Limb fitting is the aegis of a Master Craftsman, a top-end professional.
Unsupervised journeymen have no place in the handling of the amputee and
amputees must insist on being fitted ONLY under the direct supervision
of a Master Craftsman. This is the basic truth which is so dreaded in
all the vitriol stirred up by the few simple ideas I have stated. And
the remedy is implicit in the format suggested above - a hierarchy of
skills and supervised practice - which could put into place a system
which guarantees superlative fitting for all amputees.
Go ahead, have at it -- or bury your heads in the exclusive concern over
certification matters. Some version of what I am talking about is
necessary and will do what certification alone will never never
accomplish.
And Bill:
A truly blue-ribbon thread, and your credentials as a card-carrying SD
are amply reconfirmed, rest easy. This discussion will plumb the very
depths of what it really means to BE an amputee AND what it means to
truly ACCEPT being an amputee (substitute disabled in general). In the
course of this discussion the vast extent and subtlety and great power
of the paraphobia about disability will be illuminated for all, lit up
like the marquee of a Broadway theater on opening night. Hoo-Ha!!!

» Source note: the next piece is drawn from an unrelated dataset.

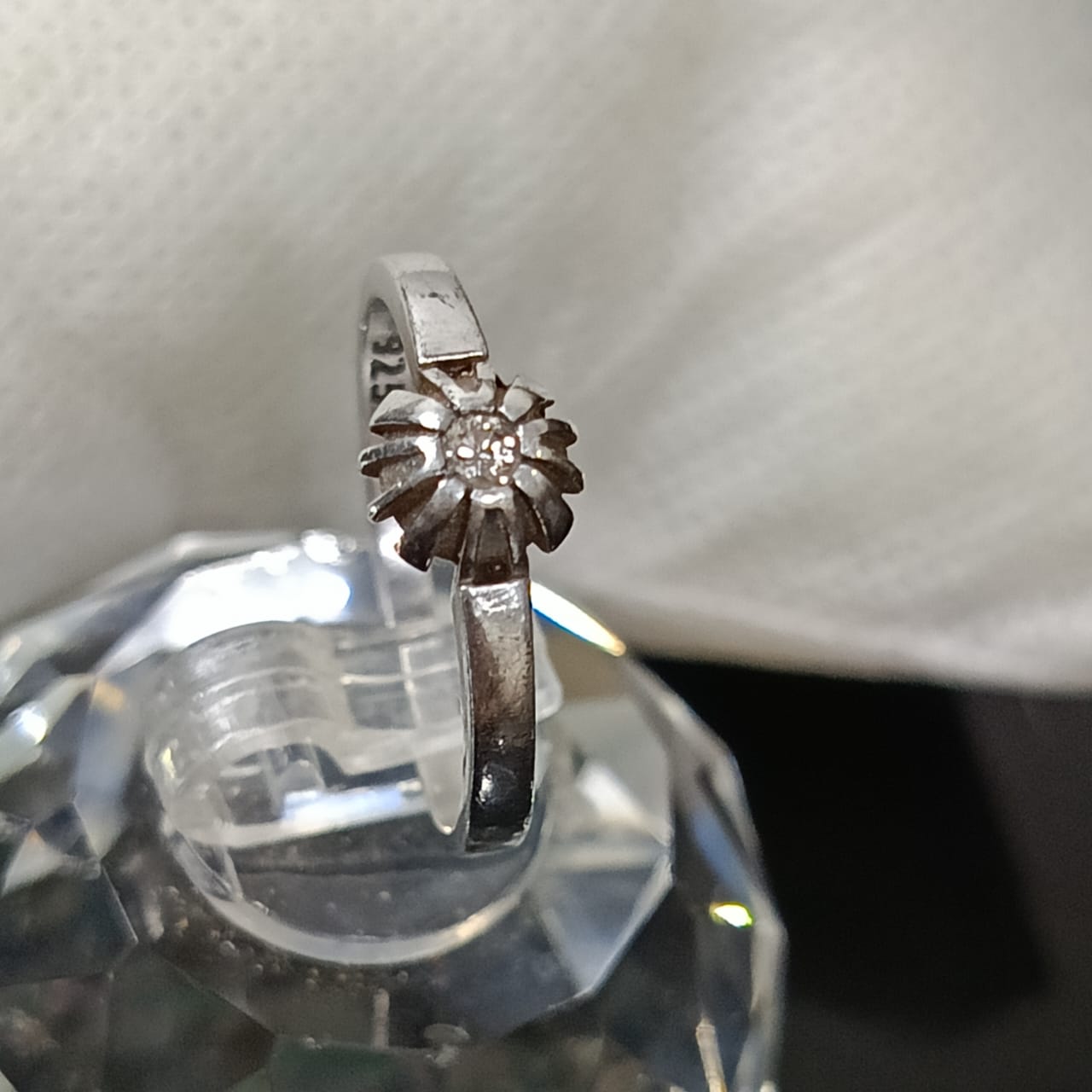 خاتم فضة أنيق يجمع بين الرقة والبريق، مزين بحجر ماس طبيعي حقيقي يلمع بسحر خاص. تصميم كلاسيكي يضيف لمسة من الفخامة إلى إطلالتك اليومية أو المناسبات الخاصة. الفضة النقية توفر متانة وجمالاً دائماً، بينما الماس الطبيعي يعكس الضوء بطريقة ساحرة تجعلك تشعرين بالثقة والأناقة. قطعة استثمار تستحق أن تكون جزءاً من مجموعتك الشخصية.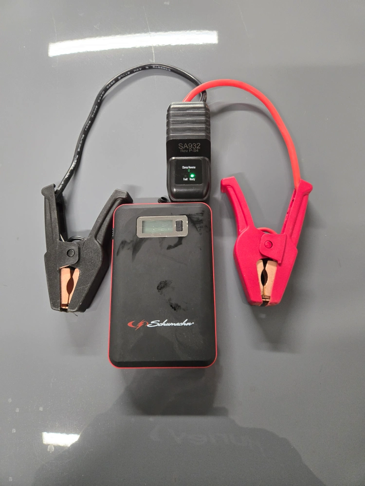 Portable jump starter pack. Includes cables and clamps. Good condition.

(I try to modify my communications skills but to little avail. As Wayne
has suggested, it is probably true that, isolate that I am, I have known
intimately more books than I have people. And of course, those few
people were pivotal for me. My sentences parse, I make sure of that ---
when in difficulty try mouthing them as you read - that's how I check
what I'm writing.)
Finally, oh Mary Lou, you write so sweetly, it sings like a something of
larks. I am roundly trounced for my prose. Is it poetry? Noooo not
quite. But its convolutedness sometimes makes me think of the rise and
sinuousness of some inspired often elegaic poetry. Although I have no
illusions as to my own merit in that regard the urge to follow what I
feel is their method, the way they 'pitch' a line, a stanza, an argument
seems to have become 'installed' in my writing program. It seems
involuntary, not sure I could change it.
Maybe an editor will hit me on the side of the head when I get to that
point with the book which conspires with itself inside my skull.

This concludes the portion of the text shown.